Four Mistakes Sales People Make - #4 (Final)


You’ve heard the saying, “we all have a purpose in life” and as I relate that thought to the world of sales, every phone call, every client meeting, every email, (I’m making a point here), every client interaction needs to have a purpose and goal. When we lose sight of that we are making the last of the most common mistakes sales people make. In the my final post in the series, 4 common mistakes sales people make, we’ll talk about how to avoid this costly mistake.

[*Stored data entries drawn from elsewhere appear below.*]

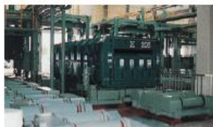
コンテナ保管設備
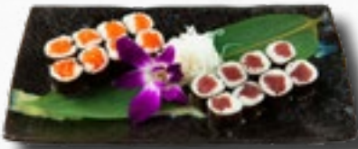
Menü 4 1 Misosuppe, 8 Sake Maki, 8 Tekka Maki
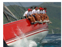
A Rate Cut Looms... ETF Global
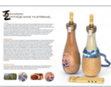
IBDA Idea_Chen Xiang-Yun
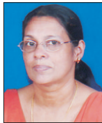
Babykutty, Cherupushpam Unit
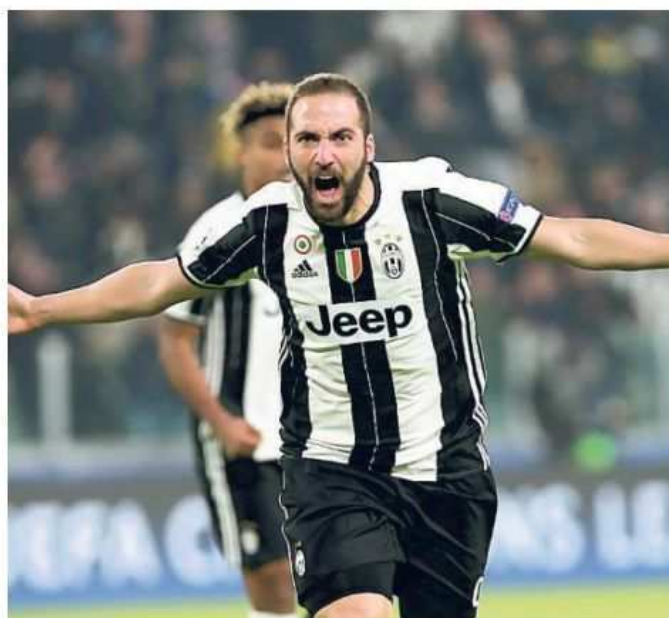
L'esultanza di Higuain dopo il primo gol realizzato alla Dinamo

autore di una pregevole prestazione in difesa coronata dal colpo di testa del 2-0. Il giovane centrale sta crescendo a vista d'occhio e questo non può che rinfancare il tecnico viste le assenze di Bonucci e Barzagli. Infine la Juve ritrova anche Paulo Dybala, mandato in campo nel finale a risultato acquisito per iniziare a mettere
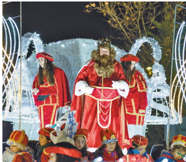
Desfile de la Comitiva Real el pasado mes de enero

tensidad estas fechas es, sin duda, la infantil. Para ella el Ayuntamiento ha reservado una parte destacada de la programación, con la actuación de 'Yo soy ratón' como uno de los platos fuertes el día 28 en el Auditorio del Centro Cultural, un espacio que también acogerá varias representaciones de títeres. Fuera de allí, en el nuevo parque del King Kong y en el del Caballo en Soto de Viñuelas, se sucederán espectáculos de magia, animación y globoflexia.
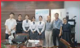
第十八届全国中学生水科技发明创新一、二等奖的获奖团队
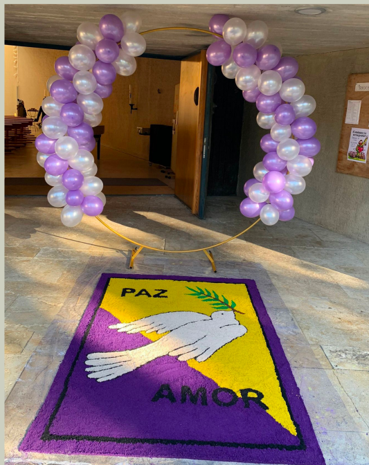
Fiesta del Señor de los Milagros
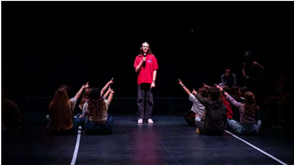
Les témoignages de violence
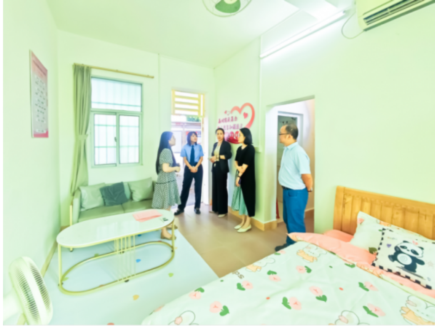
中山一区检现场评估反家暴庇护所现场。
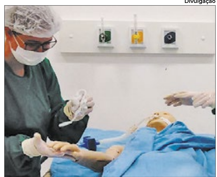
Ferramenta calcula o tempo de banho nos pacientes

Na rotina de muitas UTIs, a intervenção é distribuída entre os profissionais da equipe de enfermagem de forma

Mistake #4: They lose sight of the goal.
Ask yourself, what is the point of this visit? What do I want to accomplish on this sales call? Am I going to sell something and if so, what is it? Am I trying to get another, more strategic meeting? Is it to show the customer that I can add value as I continue to establish trust and rapport with them? All these questions, should happen well before your phone is in hand or you are in your car en route to see the customer.

Setting your objective
Knowing your objective is the key to all the other steps in the selling process, without it, you are flying blind and you most likely will be wasting your time, your client’s time and odds are, you won’t be walking out with a sale. Once you set your objective, what it is you want to achieve on that sales visit or phone call, everything else will quickly fall into place. With a clear objective, you can begin to think about:

What questions to ask the customer to get them thinking about your objective.
If your objective is to sell a product or service, you can think about what it is about the product/service that your customer would be most interested in and prepare to speak to those features and benefits.
You can think of any objections your customer might raise and prepare for them.
It will enable you to prepare your presentation materials, product samples or any leave behind material.
You can prepare a plan for the next steps that will take place once the client agrees, an education plan, a retail sales plan, a merchandising plan, a ready made promotion around the product.

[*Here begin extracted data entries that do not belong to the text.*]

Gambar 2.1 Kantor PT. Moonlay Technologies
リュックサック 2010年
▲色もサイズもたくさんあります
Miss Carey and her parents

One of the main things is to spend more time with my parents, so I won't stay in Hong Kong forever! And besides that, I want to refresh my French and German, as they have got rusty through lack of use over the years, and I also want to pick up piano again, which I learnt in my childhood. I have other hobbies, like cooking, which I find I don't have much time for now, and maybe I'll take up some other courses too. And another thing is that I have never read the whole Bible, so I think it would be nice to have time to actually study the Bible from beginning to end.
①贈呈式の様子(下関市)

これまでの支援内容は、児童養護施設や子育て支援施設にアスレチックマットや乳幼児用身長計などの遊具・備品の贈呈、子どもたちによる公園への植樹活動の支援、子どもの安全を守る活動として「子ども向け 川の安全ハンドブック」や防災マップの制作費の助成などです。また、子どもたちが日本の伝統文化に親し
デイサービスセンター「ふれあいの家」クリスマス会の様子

To me, a successful sales interaction starts and ends with setting and knowing your objective. When I am working with a team in a training environment, I attempt to replicate real life selling conditions as much as possible. We know that, in the real world, selling doesn’t follow a simple path from A to Z and things happen on a sales call to take us off track. That makes having an objective even more important. If we get taken off track, we can get back on.

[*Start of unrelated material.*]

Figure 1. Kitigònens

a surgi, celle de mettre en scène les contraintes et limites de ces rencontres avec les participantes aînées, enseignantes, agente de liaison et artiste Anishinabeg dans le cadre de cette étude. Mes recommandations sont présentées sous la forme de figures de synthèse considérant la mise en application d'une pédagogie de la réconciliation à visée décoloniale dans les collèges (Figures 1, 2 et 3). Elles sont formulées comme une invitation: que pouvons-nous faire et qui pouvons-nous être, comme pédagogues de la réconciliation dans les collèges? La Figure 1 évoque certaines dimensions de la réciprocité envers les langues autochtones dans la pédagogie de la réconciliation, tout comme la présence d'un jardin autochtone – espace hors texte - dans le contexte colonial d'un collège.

Another point to remember is, a goal or objective isn’t going to do anything for us unless we ask for the it. A lot of times, we’ll set our objective, prepare and when we get to the moment of truth in the sales call…we don’t come out and ask for it. If you don’t ask for the longer meeting, you won’t get it. If you don’t ask for the sale, it doesn’t happen. Often, with all the questions we’ve asked, presenting the features and benefits, resolving the objections sometimes we think we’ve asked for it – but we haven’t. Go ahead a make sure to close the deal.

If there is one take away from reading this post or working with me in the classroom event, it is to set your objective. It is at the very heart of the process and will lead to success. Good luck!